Friday, May 15, 2009

The World Imploded

Frustration is slowly eating me from the inside out.

I don't. Want. To think about my life - what it's going to be for the next twelve, fifteen months.

I thought I wouldn't be able to write tonight, but it's surprising what your habitual writing spot can do for you. I sit down at this computer and put on some music and Bam! I start typing. It's like magic!

Do forgive me, but me head's a little vague.

I know what I've got to do, and I've just got to grit my teeth and do it. And the actual day to day will not be hard. It will be easy, so easy.

For the next year, I have to continue to live with my parents. Get a regular job (well, the best paying job I can find) - two if I can manage it. And spend as few pesetas as possible.

Ha. This will be so easy it may kill me.

I don't know if you understand how much I can feel my brain already melting. I mean, I watch way too much Hulu, so I'm doomed anyway, but over a YEAR of a regular job and no intellectual stimulation.... !

BUT! But, I am going to grit my teeth and do this so that I can finally go back to school. Oh, Brain, my Brain, just you wait. Learning again!
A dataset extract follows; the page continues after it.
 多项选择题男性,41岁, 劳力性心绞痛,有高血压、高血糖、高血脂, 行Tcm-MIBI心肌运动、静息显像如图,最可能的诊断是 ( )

What a heaven that will be! Yes, the thought of it makes me all warm and fuzzy inside!

Alright. Now, I am very tired and rather ill and a wrackspurt's got my brain. To round the evening off nicely, here is a very, very, very short story.

            The world imploded.

            Hardly anyone knew it was going to happen. One earthling fortune teller had predicted it, but she had long ago given up on the idea of being believed, and so she had tucked herself away in a filthy corner of the planet and was never heard of.
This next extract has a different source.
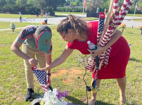 About 30 volunteers started Memorial Day weekend by marking the graves of military veterans with flags at Bellevue Memorial Gardens.

            It was a rather sorry sight, all that glitter and dust and life folding in on itself, curling in like flaming parchment, and eventually becoming nothing but a tiny speck.

            Two systems over, on a planet whose name is irrelevant, a distinctly non-humanoid life form, with a very long telescope, entered the data into an impossibly vast network, and that was the last anyone, anywhere, ever thought of Earth.